#### AVAILABLE DATA:

★ ★ ★ ★ ★

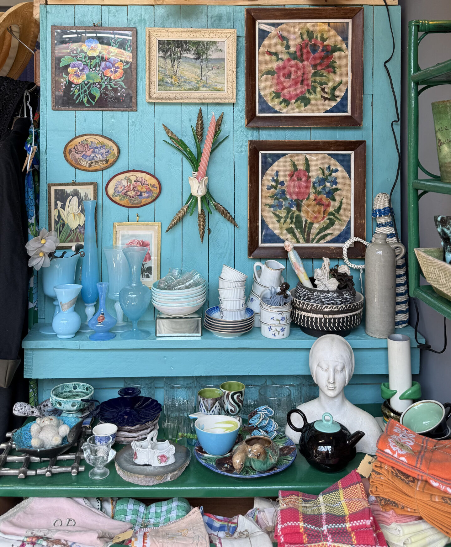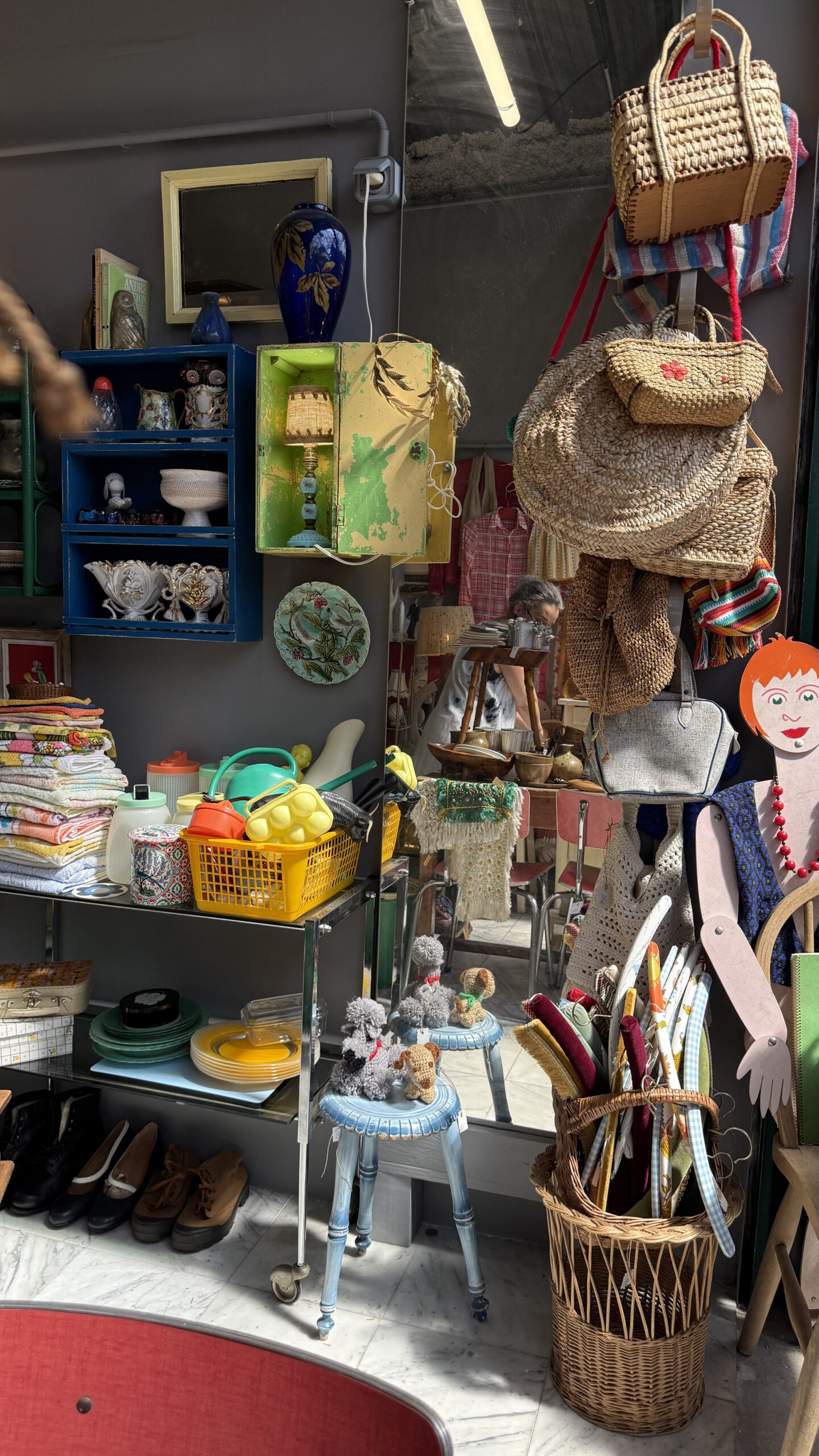 Dans sa boutique, on trouve des objets du quotidien sauvés de l’oubli, des vêtements et accessoires vintage soigneusement choisis, mais aussi des céramiques et des lampes qui créent tout de suite une ambiance.
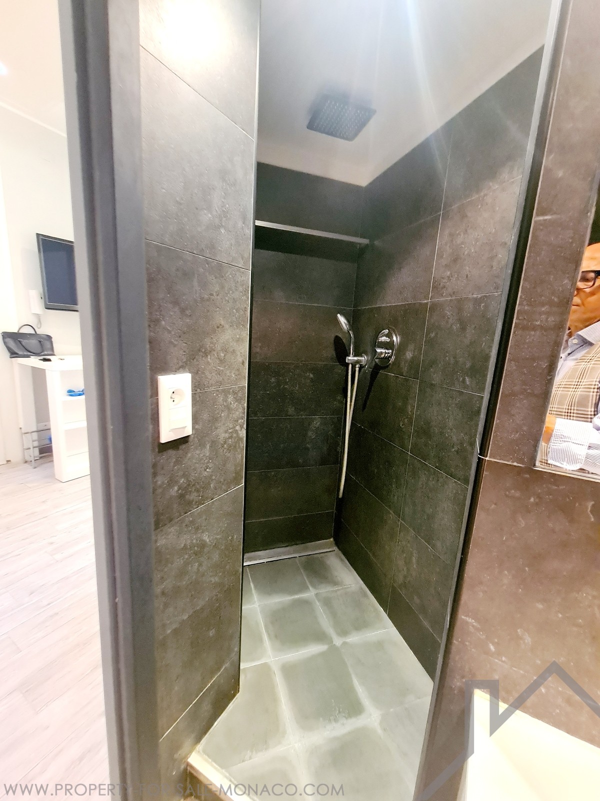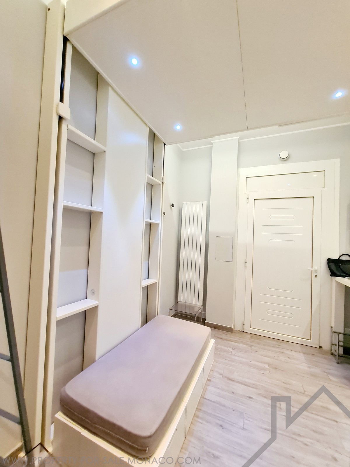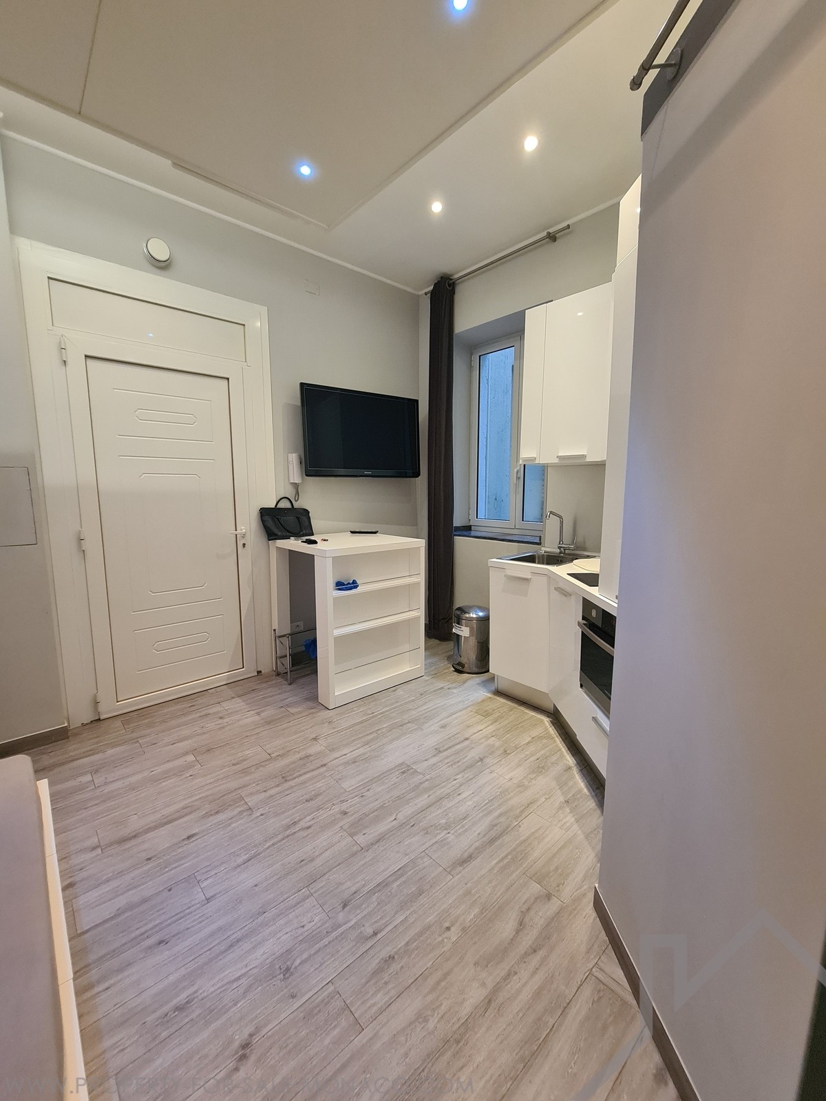 Monolocale sul retro dell'edificio (al 2° sottopiano) composto da una locale principale con angolo cottura, un bagno con wc. Arredato con mobili su misura, è il pied-à-terre perfetto per una persona
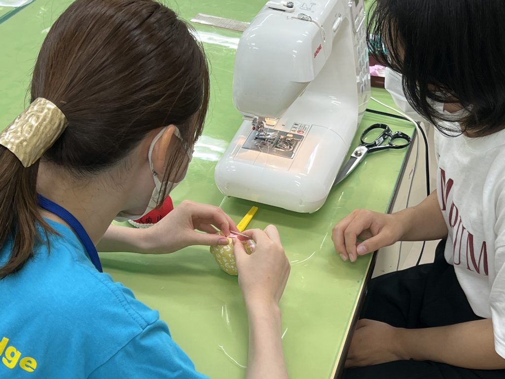 服作り授業の中で出てくる残布(余り布)を利用して製作します。

★ ★ ★ ★ ★

#### YOUR ASSIGNMENT:
Word for word, reproduce the material above and omit each image.

#### ANSWER TO THIS EXERCISE:
 Dans sa boutique, on trouve des objets du quotidien sauvés de l’oubli, des vêtements et accessoires vintage soigneusement choisis, mais aussi des céramiques et des lampes qui créent tout de suite une ambiance.
 Monolocale sul retro dell'edificio (al 2° sottopiano) composto da una locale principale con angolo cottura, un bagno con wc. Arredato con mobili su misura, è il pied-à-terre perfetto per una persona
 服作り授業の中で出てくる残布(余り布)を利用して製作します。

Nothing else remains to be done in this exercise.